Data section Block Start

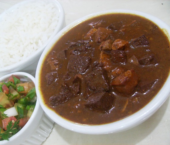 Obs: sarapatel é feito com as víceras do porco (miúdos do porco.)
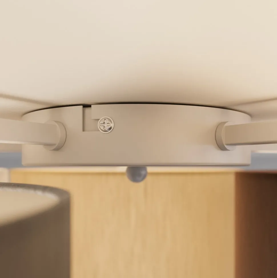 5-lamps Laurenz plafondlamp in prachtige aardetinten Elke kap van de Laurenz plafondlamp is rond, maar de grootte en kleur variëren. Dit zorgt voor een zeer interessante uitstraling die modern en ontspannen oogt. De matte stoffen kappen zijn ontworpen in aardetinten, met grijs, bruin, beige, wit en zwart, die allemaal wat gedempt lijken, maar altijd indruk maken met hun stijlvolle elegantie. De binnenkant van de kap is altijd wit en Laurenz kan worden gebruikt als een woonkamerarmatuur voor gezellige verlichting, maar is ook geschikt voor meer commerciële omgevingen, bijvoorbeeld in hotels of gangen en gastenkamers in restaurants. De vijf lichtbronnen bieden een goed helderheidsniveau, wat ideaal is voor de hoofdverlichting in een kamer. De E27 fittingen kunnen naar wens worden gemonteerd, waarbij vooral energiebesparende LED filament lampen in de klassieke gloeilamp-look worden aanbevolen.
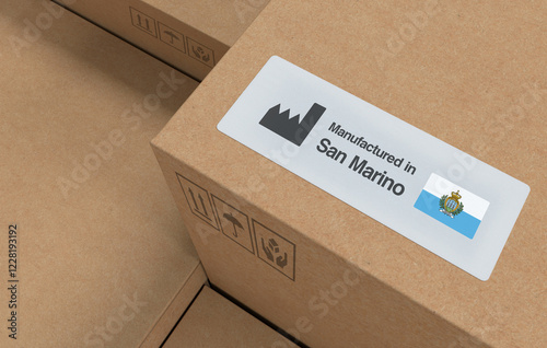 Card Board Carton Boxes with San Marino Flag, Manufactured in San Marino Label - 3D Render
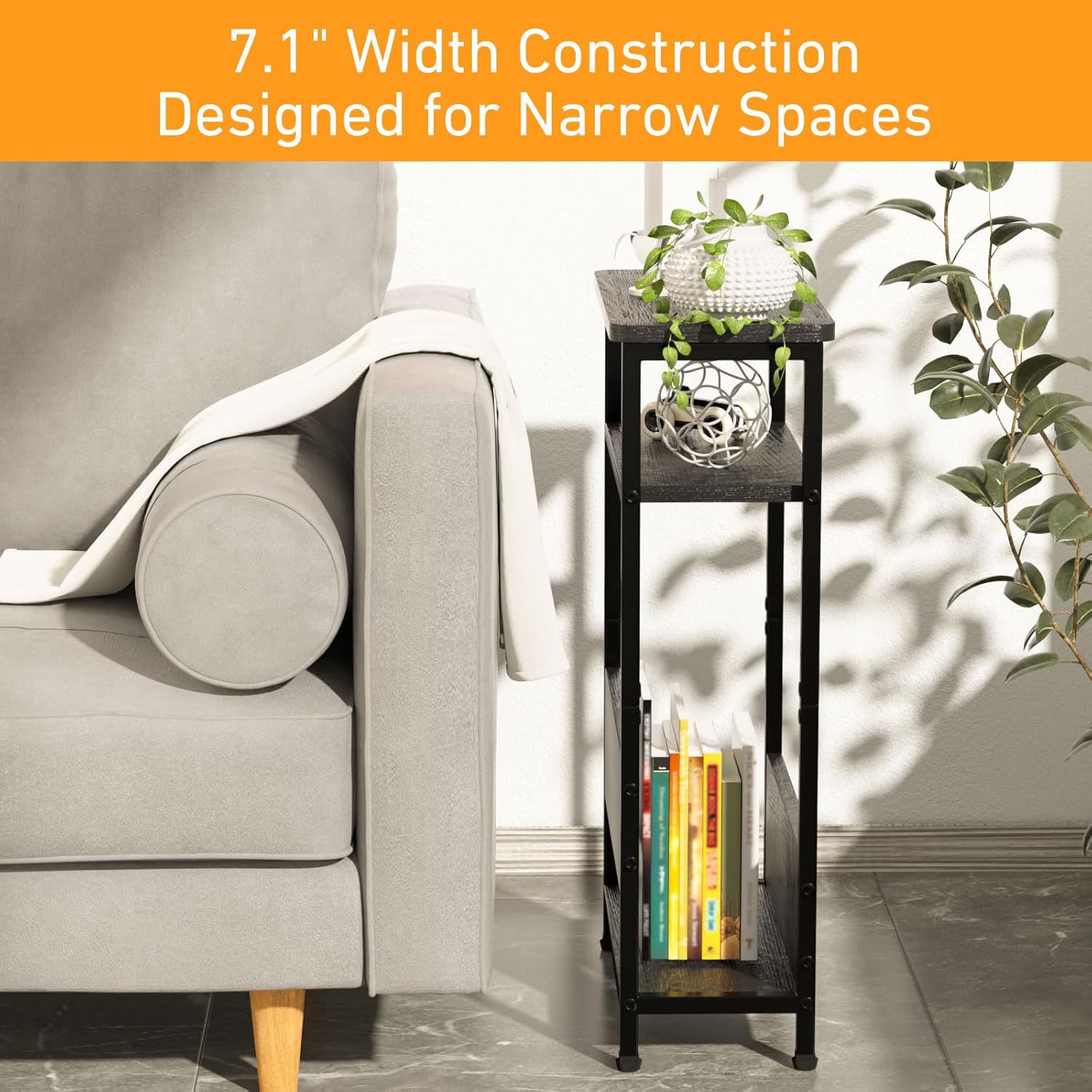 7.1" Narrow Side Table for Small Spaces, 3 Tier Small End Table with Magazine Holder, Slim/Skinny Nightstand/Bedside Table for Living Room, Bedroom, 15.4" L x 24.2" H, Black
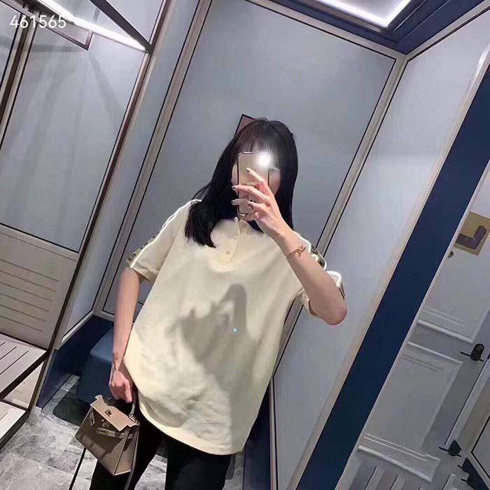 Gucci GG Women Polo with Interlocking G Stripe White Cotton
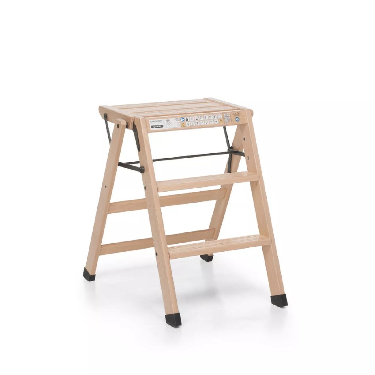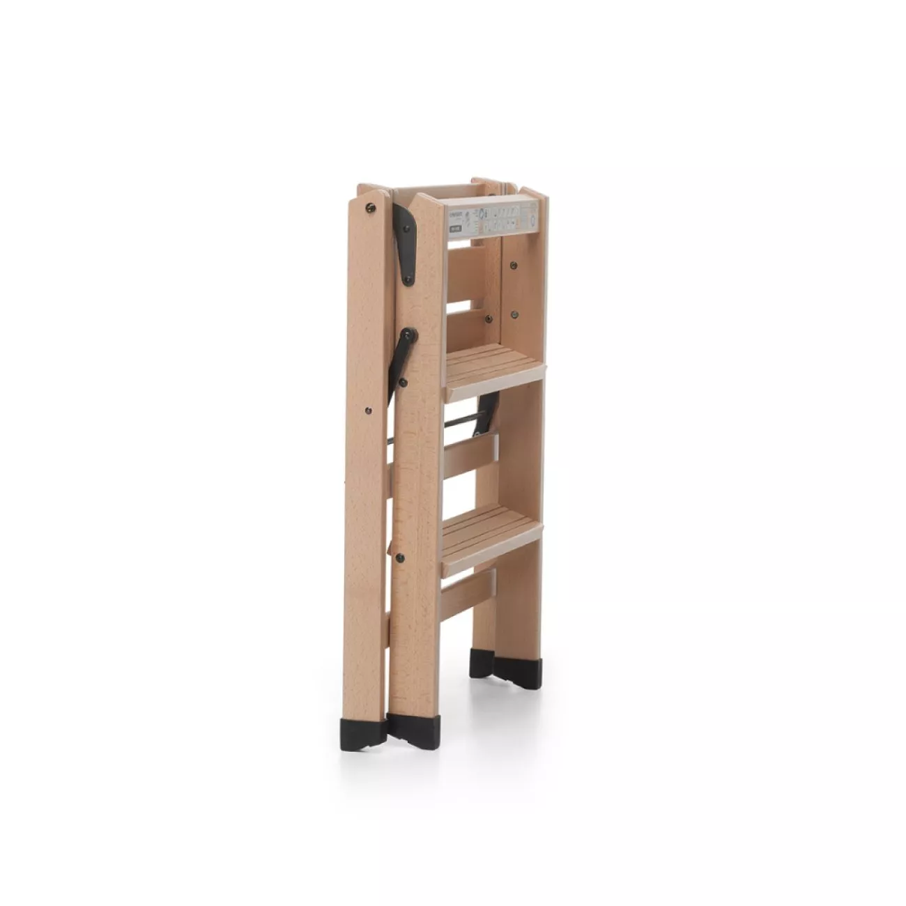 Складная деревянная стремянка-табурет. Надежная и устойчивая, максимальная нагрузка 150 кг. Основной материал стремянки – массив бука, ступени и верхняя платформа – также выполнены из бука со специальными прорезями, которые препятствуют скольжению. Прорезиненные накладки на ножки обеспечивают устойчивость. В закрытом состоянии стремянка Tialzo занимает минимум места.
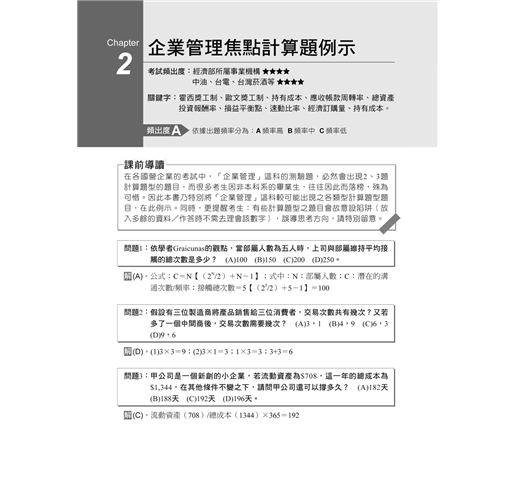 書中內容,除一般考試用書所應有的內容外,還特別將其他出版社企業管理考試用書所沒有的內容納入,即「PART1 企業管理滿分關鍵攻略」中的「最IN管理名詞彙集」與「企業管理焦點計算題例示」。這些內容,在考試時,必為考試成敗的決勝關鍵;而您我皆知,錄取有名額限制的競爭考試,其輸贏又是在一、二分之間,絕對疏忽不得。為協助考生能攻取高分,爰精心特別整理,將其納入;再者,書末也為考生整理了最新試題,並由名師撰寫解析,能夠幫助考生理解考試脈絡,輕鬆上榜非難事。
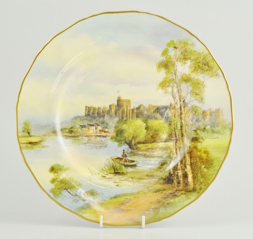 Royal Worcester cabinet plate, hand painted with views off Windsor Castle to a gilt border
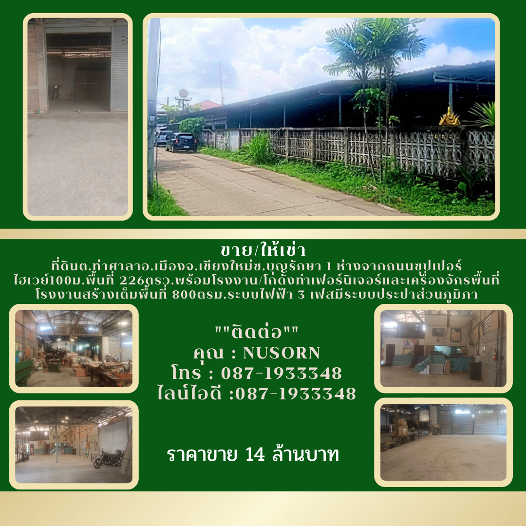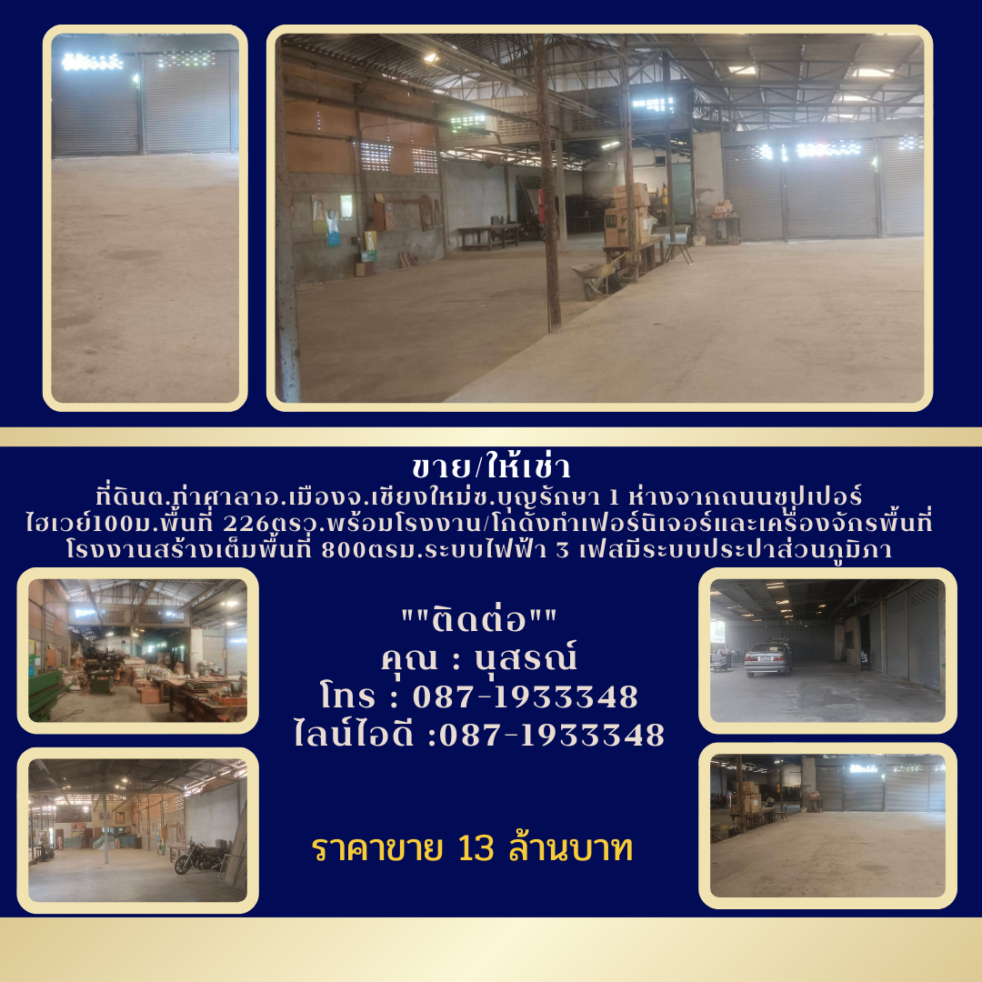 ขาย/ให้เช่าที่ดินต.ท่าศาลาอ.เมืองจ.เชียงใหม่ซ.บุญรักษา 1ห่างจากถนนซุปเปอร์ไฮเวย์100ม.พื้นที่ 226ตรว.พร้อมโรงงาน/โกดัง
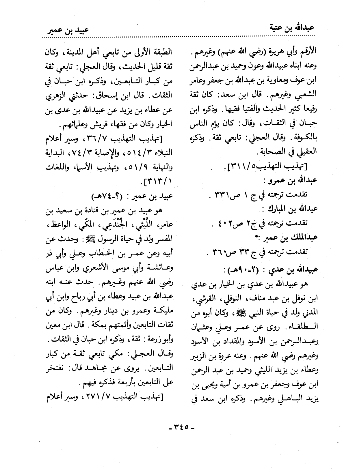 الأرقم وأبي هريرة (رضي الله عنهم) وغيرهم. وعنه ابناه عبيد الله وعون وحميد بن عبد الرحمن بن عوف ومعاوية بن عبد الله بن جعفر وعامر الشعبي وغيرهم. قال ابن سعد: كان ثقة رفيعا كثير الحديث والفتيا فقيها. وذكره ابن حبان في الثقات، وقال: كان يؤم الناس بالكوفة. وقال العجلي: تابعي ثقة. وذكره العقيلي في الصحابة. [تهذيب التهذيب 5 / 311] .
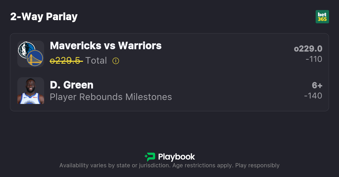 - Mavericks vs Warriors parlay picks: Over 229.5 / Draymond Green 6+ Rebounds
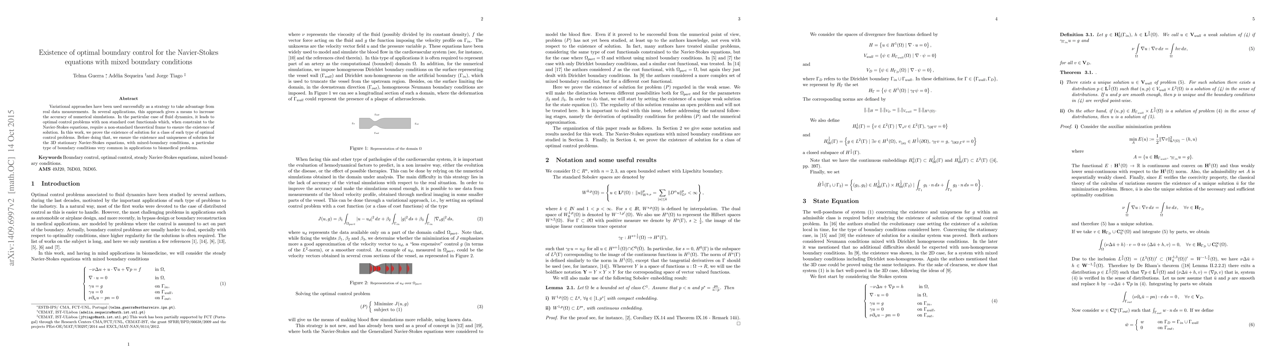 Variational approaches have been used successfully as a strategy to take advantage from real data measurements. In several applications, this approach gives a means to increase the accuracy of numerical simulations. In the particular case of fluid dynamics, it leads to optimal control problems with non standard cost functionals which, when constraint to the Navier-Stokes equations, require a non-standard theoretical frame to ensure the existence of solution. In this work, we prove the existence of solution for a class of such type of optimal control problems. Before doing that, we ensure the existence and uniqueness of solution for the 3D stationary Navier-Stokes equations, with mixed-boundary conditions, a particular type of boundary conditions very common in applications to biomedical problems.
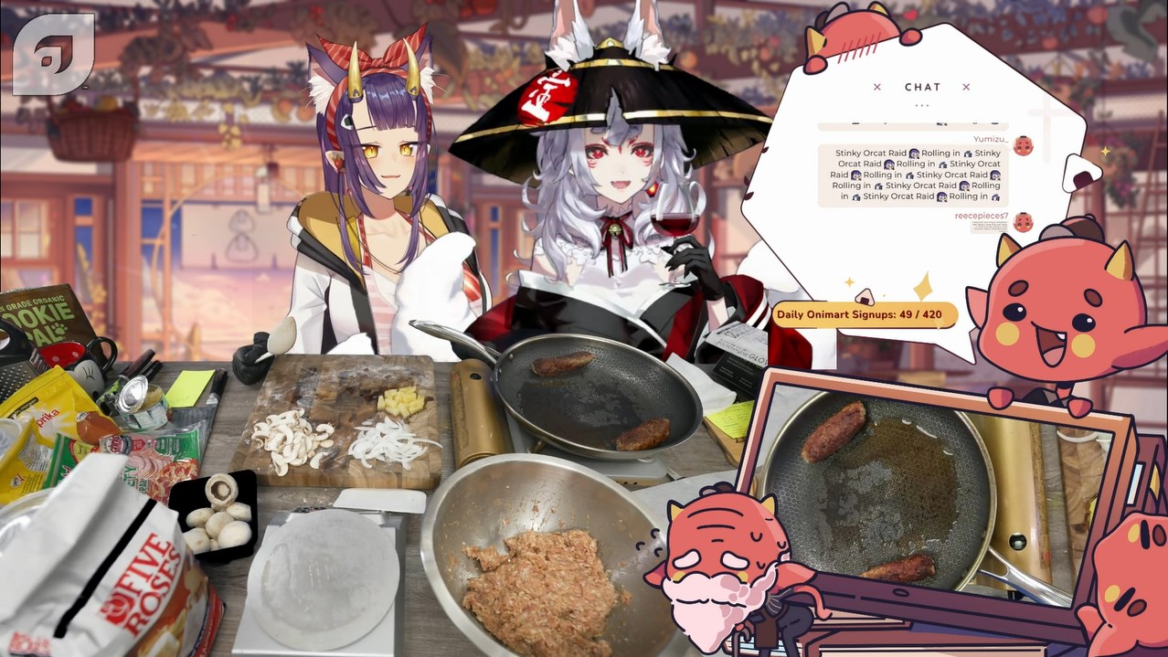 >>108007591>LilyI'm watching the VOD of OniGiri's cooking stream with Nina Kosaka, and it's at the part where they're raided by Shylily

Data section Block End

* Instructions to follow
Using the entries above, reproduce word for word only the lines from the one that contains "Royal Worcester cabinet" to the one that contains "الأرقم وأبي هريرة", both ends included, and drop every picture.

* Response area
 Royal Worcester cabinet plate, hand painted with views off Windsor Castle to a gilt border
 ขาย/ให้เช่าที่ดินต.ท่าศาลาอ.เมืองจ.เชียงใหม่ซ.บุญรักษา 1ห่างจากถนนซุปเปอร์ไฮเวย์100ม.พื้นที่ 226ตรว.พร้อมโรงงาน/โกดัง
 الأرقم وأبي هريرة (رضي الله عنهم) وغيرهم. وعنه ابناه عبيد الله وعون وحميد بن عبد الرحمن بن عوف ومعاوية بن عبد الله بن جعفر وعامر الشعبي وغيرهم. قال ابن سعد: كان ثقة رفيعا كثير الحديث والفتيا فقيها. وذكره ابن حبان في الثقات، وقال: كان يؤم الناس بالكوفة. وقال العجلي: تابعي ثقة. وذكره العقيلي في الصحابة. [تهذيب التهذيب 5 / 311] .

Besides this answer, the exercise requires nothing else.